Factors of -40 $\Longleftrightarrow$ Sum of Factors
-1,40 $\Longleftrightarrow$ 39
-40,1 $\Longleftrightarrow$ -39
-2,20 $\Longleftrightarrow$ 18
-20,2 $\Longleftrightarrow$ -18
-4,10 $\Longleftrightarrow$ 6
-10,4 $\Longleftrightarrow$ -6
-5,8 $\Longleftrightarrow$ 3
-8,5 $\Longleftrightarrow$ -3 (Correct sum, so the numbers are -8 and 5)
Thus, $q^{2}$ - 3$q$ - 40 = ($q$ - 8)($q$ + 5)
Practice 4b (Solution)
Factor : $y^{2}$ + 2$y$ - 48
To begin by writing the first terms of the binomial factors
($y$ + $\triangle$)($y$ + $\square$)
Next, to look for two numbers whose product is -48 and whose sum is +2. As the two numbers must have a negative product, pairs of factors with opposite signs of -48 are to be investigated only.

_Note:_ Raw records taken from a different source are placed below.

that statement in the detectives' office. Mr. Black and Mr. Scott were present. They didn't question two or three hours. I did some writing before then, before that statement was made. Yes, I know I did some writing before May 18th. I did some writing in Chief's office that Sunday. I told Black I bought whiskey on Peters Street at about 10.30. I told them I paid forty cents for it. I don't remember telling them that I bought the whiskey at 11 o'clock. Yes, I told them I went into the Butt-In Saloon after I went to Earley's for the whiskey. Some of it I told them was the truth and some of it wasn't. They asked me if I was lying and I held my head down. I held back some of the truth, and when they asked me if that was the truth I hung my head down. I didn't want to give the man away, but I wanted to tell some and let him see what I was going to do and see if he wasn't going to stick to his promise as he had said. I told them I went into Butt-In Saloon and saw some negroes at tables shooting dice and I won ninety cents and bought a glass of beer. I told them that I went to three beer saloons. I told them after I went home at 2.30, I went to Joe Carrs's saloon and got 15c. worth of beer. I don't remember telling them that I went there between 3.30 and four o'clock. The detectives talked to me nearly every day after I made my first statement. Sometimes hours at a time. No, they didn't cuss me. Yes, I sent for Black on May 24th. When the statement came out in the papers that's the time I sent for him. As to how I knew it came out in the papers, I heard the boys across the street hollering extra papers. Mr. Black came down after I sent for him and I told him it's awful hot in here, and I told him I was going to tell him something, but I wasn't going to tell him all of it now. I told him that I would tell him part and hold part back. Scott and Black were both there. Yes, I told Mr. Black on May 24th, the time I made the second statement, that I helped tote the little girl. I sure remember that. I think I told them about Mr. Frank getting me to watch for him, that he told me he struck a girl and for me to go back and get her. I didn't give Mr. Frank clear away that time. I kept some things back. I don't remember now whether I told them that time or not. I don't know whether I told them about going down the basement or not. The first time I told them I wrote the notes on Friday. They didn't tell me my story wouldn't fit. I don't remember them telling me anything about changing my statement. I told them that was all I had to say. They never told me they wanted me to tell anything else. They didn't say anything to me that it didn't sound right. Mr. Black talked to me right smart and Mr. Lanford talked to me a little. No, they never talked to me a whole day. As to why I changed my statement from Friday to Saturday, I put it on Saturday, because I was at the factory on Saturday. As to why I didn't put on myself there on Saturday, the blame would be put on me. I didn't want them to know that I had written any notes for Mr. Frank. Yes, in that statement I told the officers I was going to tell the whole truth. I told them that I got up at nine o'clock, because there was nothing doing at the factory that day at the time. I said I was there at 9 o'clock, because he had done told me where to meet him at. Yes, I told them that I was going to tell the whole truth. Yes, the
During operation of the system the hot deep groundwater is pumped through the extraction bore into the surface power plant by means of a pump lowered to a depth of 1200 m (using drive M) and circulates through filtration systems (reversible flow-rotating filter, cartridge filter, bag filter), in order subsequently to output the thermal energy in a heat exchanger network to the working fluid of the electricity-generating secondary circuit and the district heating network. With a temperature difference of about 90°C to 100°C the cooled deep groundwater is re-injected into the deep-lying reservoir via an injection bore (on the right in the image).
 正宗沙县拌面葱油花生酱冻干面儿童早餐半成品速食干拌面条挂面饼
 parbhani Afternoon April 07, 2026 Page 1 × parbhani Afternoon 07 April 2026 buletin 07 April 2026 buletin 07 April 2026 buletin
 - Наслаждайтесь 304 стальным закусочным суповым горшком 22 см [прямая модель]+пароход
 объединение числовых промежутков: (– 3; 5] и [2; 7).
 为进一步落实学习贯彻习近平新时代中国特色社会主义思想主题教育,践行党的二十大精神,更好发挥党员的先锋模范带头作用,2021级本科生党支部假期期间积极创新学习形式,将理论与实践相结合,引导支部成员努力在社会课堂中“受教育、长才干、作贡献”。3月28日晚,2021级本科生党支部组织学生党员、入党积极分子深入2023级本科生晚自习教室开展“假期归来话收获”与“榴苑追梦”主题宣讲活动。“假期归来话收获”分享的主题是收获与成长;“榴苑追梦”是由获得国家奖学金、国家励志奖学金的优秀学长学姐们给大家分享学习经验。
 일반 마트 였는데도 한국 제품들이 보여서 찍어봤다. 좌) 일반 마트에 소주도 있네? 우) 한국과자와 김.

Factors of -48 $\Longleftrightarrow$ Sum of Factors
-1,48 $\Longleftrightarrow$ 47
-48,1 $\Longleftrightarrow$ -47
-2,24 $\Longleftrightarrow$ 22
-24,2 $\Longleftrightarrow$ -22
-3,16 $\Longleftrightarrow$ 13
-16,3 $\Longleftrightarrow$ -13
-4,12 $\Longleftrightarrow$ 8
-12,4 $\Longleftrightarrow$ -8
-6,8 $\Longleftrightarrow$ 2 (Correct sum, so the numbers are -6 and 8)
-8,6 $\Longleftrightarrow$ -2
Thus, $y^{2}$ + 2$y$ - 48 = ($y$ - 6)($y$ + 8)